TV #39 of 2022:
Better Call Saul, season 6
An utterly masterful end to one of the great modern dramas of our time. This Breaking Bad prequel about Walter White’s shady lawyer has always been stronger than anyone could have predicted, and its final outing is truly one of its best. At long last we learn why certain figures like Nacho Varga and Kim Wexler weren’t around during the events of that parent show, and while the answers are predictably sad, their specifics are gripping to watch unfold. Even BCS original Howard Hamlin earns a certain dignity in his ultimate fate, and it’s a testament to how thoroughly this series has built up its world that viewers likely feel a pang at the prospect of leaving the law offices of Hamlin, Hamlin & McGill for the very last time.
Not everyone’s story concludes here, of course. As a prologue to an existing text, this program has also been fleshing out the origins of particular Breaking Bad characters like Mike and Gus whom we know — spoiler alert — will survive their present straits only to come to an unhappy end further down the line. In that context, this final season works to seamlessly bind them to their paths ahead, presenting each with possible off-ramps to lay aside their respective missions and walk away with their lives. Instead they decline those opportunities and agentively choose to stay in the game. These men are thus doomed not by some abstract tragic flaw or random chance, but by the active choices they make that set them on an eventual collision course with that corrosive catalyst named Heisenberg.

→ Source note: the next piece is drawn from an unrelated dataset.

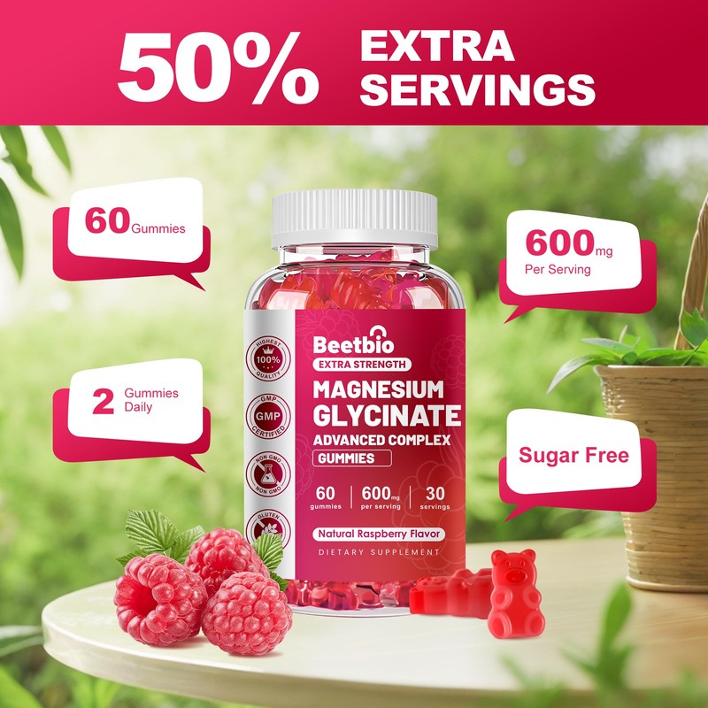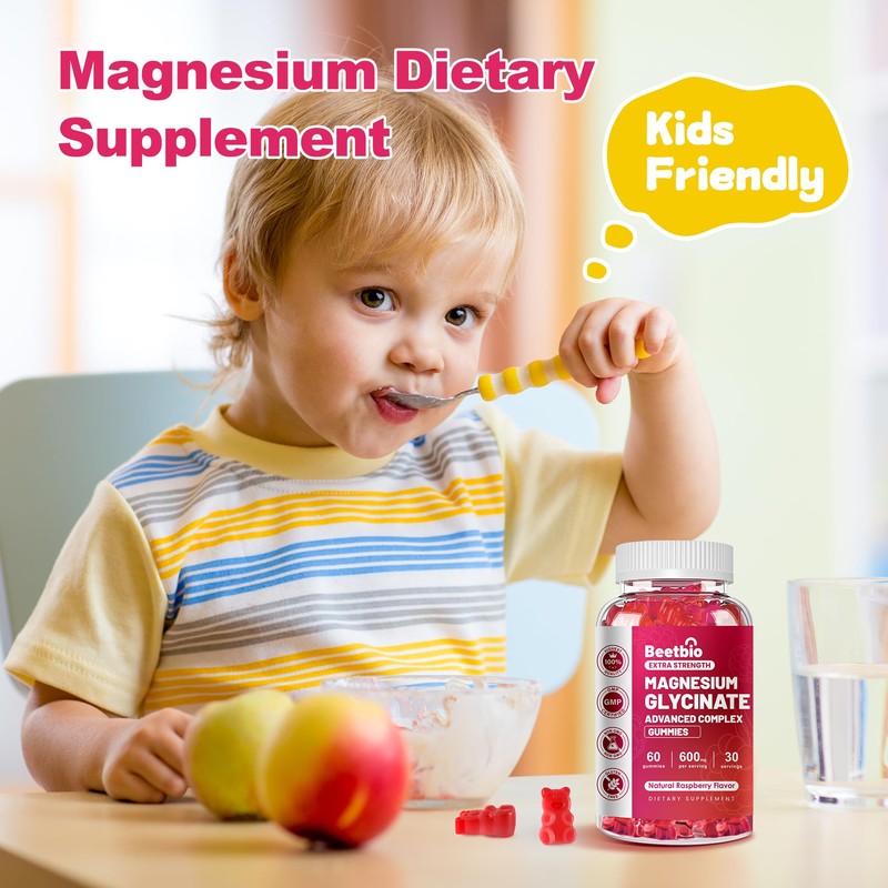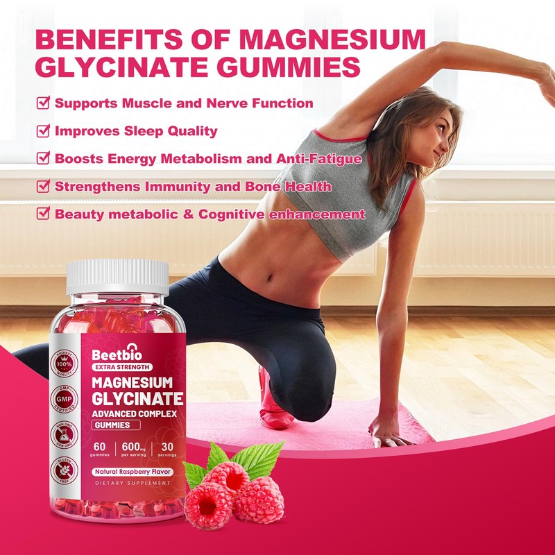 Magnesium Glycinate Gummies 600mg, Chewable Magnesium Glycinate Supplement for Kids & Adults, Magnesium Gummies for Sleep, Muscle & Bone, Sugar Free, Vegan, Raspberry Flavor (60Count)

As for Saul himself, this series has always aimed to chart his downward trajectory from the corner-cutting but fundamentally decent Jimmy McGill to the jaded crook who suggests killing Badger in one of his earliest Breaking Bad scenes. He too makes rash decisions that lead him in that direction, but he’s also perpetually ground down by a world that won’t allow him to be any better. His tragedy, I’d argue, is that his moments of weakness continually come at the worst possible time, and for six seasons, we’ve watched the deepening repercussions of his moral descent on the extended Albuquerque community around him. That’s been regularly juxtaposed against both a thematically-similar backstory of cartel infighting — which on a practical level could sometimes feel too removed from our main protagonist, but comes together beautifully / awfully this year in one sudden horrendous instant — and brief yet stark looks into his post-BB future of bleak midwestern anonymity.
One of the smartest and riskiest production choices, though, is that that familiar structure of Better Call Saul’s prequel mode only lasts for the first nine episodes of this run. At that point, we are effectively caught up with the original timeline, and the creative team realizes there’s little to be gained by the overlap beyond a few fun scenes that can plausibly fit around previous ones. For the last four installments, therefore, we are suddenly thrust full-time into the black-and-white world of Gene Takevic, the latest iteration of our many-named hero. And while BCS the prequel has clearly always been positioned as a tragedy for everyone involved, BCS the sequel has the freedom to maybe allow for a different sort of ending. And that restores quite a lot of agency to a character who has long shown himself alternately able to self-destruct, able to repent, and most of all, able to surprise. There is literally no way of predicting as we watch which version of him will definitively close out the title (and likely this whole long-running fictional universe).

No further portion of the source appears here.